Criteria for assessing a CD99 staining as optimal included: A moderate to strong distinct predominantly membranous staining of basal and parabasal squamous epithelial cells and lymphocytes in the tonsil, and a moderate to strong distinct predominantly membranous staining the Ewing sarcoma, pPNET, synovial sarcoma and granulosa cell tumour. No reaction should be seen in the liver.

41 laboratories submitted stains. At the assessment 5 achieved optimal staining (12 %), 13 good (32 %), 12 borderline (29 %) and 11 (27 %) poor staining.

The following Abs were used:
mAb clone 12E7 (DakoCytomation, n=35)
mAb clone H036-1.1 (Cell Marque, n=2; Ventana, n=2; Novocastra, n=1)
mAb clone 0-13 (Signet, n=1)

In this assessment optimal staining could only be obtained with the mAb clone 12E7. However, only 5 out of 35 (14 %) using this clone achieved an optimal staining.

In the optimal protocols with clone 12E7, all used HIER with Tris-EDTA/EGTA pH 9 as the heating buffer. The mAb clone 12E7 was typically used in the range of 1:25 – 1:100.

All stains assessed as suboptimal were either generally too weak or false negative in one or more of the specimens in the multi-block. Almost all laboratories were able to detect CD99 in the Ewing sarcoma, whereas the synovial sarcoma, the pPNET and especially the granulosa cell tumour were only weakly labelled or completely negative with suboptimal protocols.

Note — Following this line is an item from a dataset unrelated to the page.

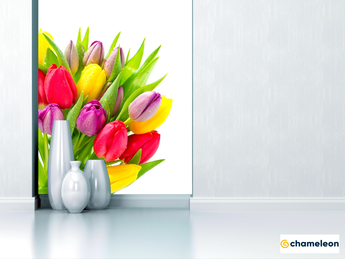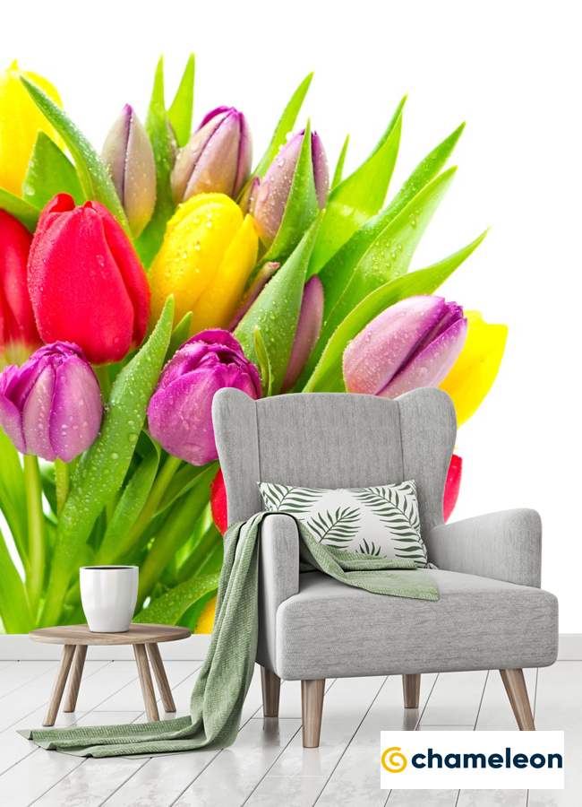 Фотообои «Фотообои разноцветные тюльпаны с каплями», (арт. 20671) - купить в интернет-магазине Хамелеон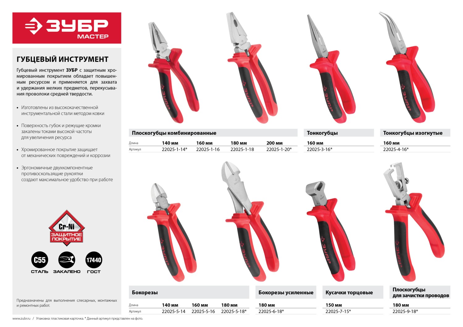Бокорезы ЗУБР "МАСТЕР" хромированные, 160мм - 22025-5-16

In the optimal staining only, basal and parabasal squamous epithelial cells of the tonsil were identified displaying a distinct membranous staining, indicating that these cells might serve as an appropriate positive control for the detection of CD99.

The most frequent causes of insufficient stainings were (often in combination):
- Inappropriate choice of HIER buffer (espc. citrate pH 6)
- Omission of epitope retrieval
- Too low concentration of the primary Ab
- Inappropriate choice of primary Ab.